Prepared by AMCHA, a non-profit organization dedicated to combating American campus antisemitism, the study goes beyond reporting the alarming increase in frequency and intensity of incidents that threaten Jewish students’ physical safety or target them for discrimination, harassment and vandalism; it reveals a new, insidious phenomenon — "a pervasive and relentless assault on Jewish identity… likely to have significant and long-term consequences for Jewish students.”
Identity politics plays a crucial role in campus life. Jewish students who identify as Zionists or have an attachment to Israel —an affinity felt by more than 80% of Jews according to a recent Pew study, confront a well-orchestrated campaign to redefine their Jewishness and their relationship to the Jewish state.
This assault is waged by peers, professors and administrators on the quad, in classrooms and dormitories.
This campaign includes boycotting, disrupting or excluding all pro-Israel expression from campus life, defaming Zionists using both classic and woke antisemitic tropes of Jews as evil, powerful, white-privileged oppressors. It claims that Zionism represents the antithesis of “progressive values,” erases Zionism from Judaism and bullies Jewish students to discourage them from participating in Birthright Israel or other Jewish identity trips.
The goal is to redefine what it means to be Jewish.

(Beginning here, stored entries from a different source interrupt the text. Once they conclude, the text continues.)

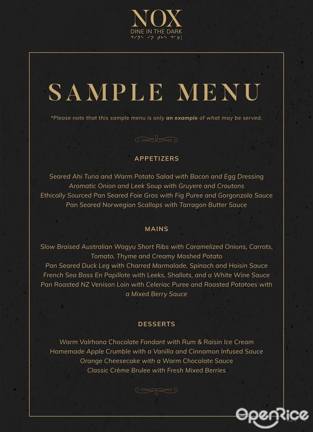 NOX- Dine in the Dark (新加坡) 網址: https://s.openrice.com/eKbSB01q2C100 地址: 83 Club Street, Club Street, Singapore 電話: +65 6298 0708
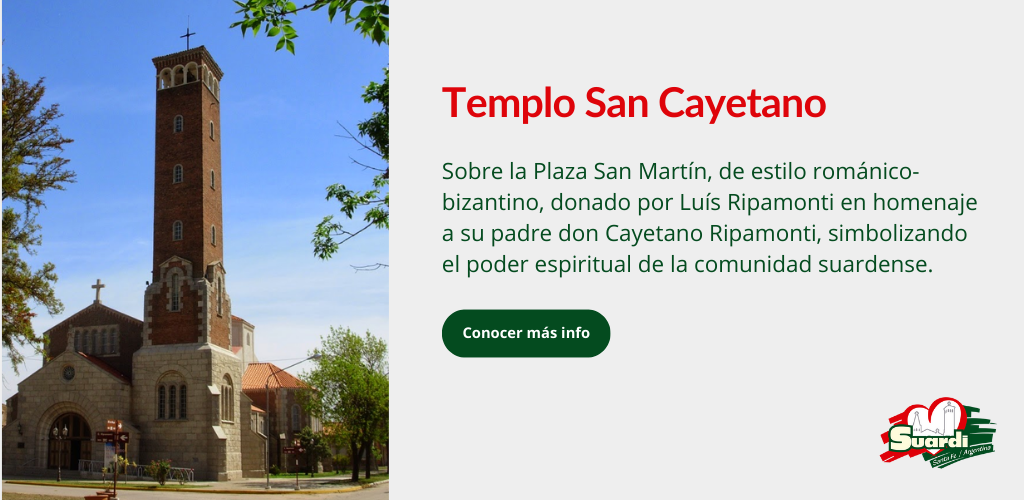 Sobre la Plaza San Martín, de estilo románico-bizantino, donado por Luís Ripamonti en homenaje a su padre don Cayetano Ripamonti, simbolizando el poder espiritual de la comunidad suardense. Esta obra se inició el 13 de junio de 1936 bajo el proyecto y dirección del ingeniero Alulla Baldasarini, el cual se basó en los planos de la iglesia de Mangnet, Italia, que habían sido adquiridos por don Luis Ripamonti. La ejecución demandó varios años, siendo inaugurado el 24 de marzo de 1957, ocasión en la cual estaban presentes Monseñor Nicolás Fasolino, Arzobispo de Santa Fe, y doña Blanca del Prete de Ripamonti, donante del templo.
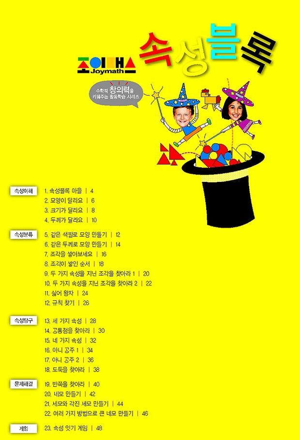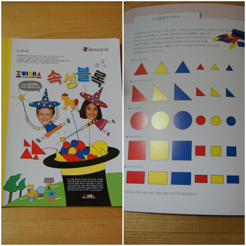 각 도형들을 다양한 방법으로 만나볼 수 있는 워크북.. 쉽지만.. 생각보다 과학적으로 잘 구분되어 있습니다. 속성이해, 속성분류, 속성탐구, 문제해결등.. 쉽지만 체계적으로 공부할 수 있도록 도와줍니다! 공통적인 특성과 서로다른 속성에 대해 살펴보고, 워크북을 통해 다양한 재미있는 도형놀이를 해보면서 도형의 특징을 이해하고 여러가지 속성을 이야기하면서 분석능력과 표현능력을 기를수 있는 조이매스 속성블럭  컬러플한 색상이 돋보이는 워크북.. 정말 재미있습니다.
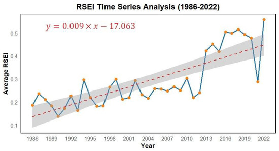 From 1986 to 2022, the Remote Sensing Ecological Index (RSEI) demonstrated a significant upward trend. In the early period (late 1980s to mid-1990s), RSEI values were relatively low and exhibited some fluctuations, but the overall level remained subdued. Over time, particularly after 2000, the annual mean RSEI increased substantially and continued to rise steadily over the subsequent decade. By 2022, it reached its highest level in the observation period, significantly surpassing the levels observed in the initial stage.

A Duke University student newspaper claimed that the campus group “Students Supporting Israel and other pro-Israel organizations have chosen the racist route antithetical to living authentically as a Jew. ... Subjugating Zionism is necessary in recognizing the humanity of us all.”
At SUNY New Paltz, two Jewish students were ousted from a sexual violence survivors’ support group for sharing their Zionist views on Instagram because, supposedly, Zionism is a form of “white supremacy.”
A Harvard Crimson editorial “broadly and proudly” supported the campus Palestine Solidarity Committee’s anti-Zionist activities including erecting a “Wall of Resistance” that declared, “Zionism is Racism, Settler-Colonialism, White Supremacy Apartheid.” A letter signed by 49 Harvard faculty and administrators agreed.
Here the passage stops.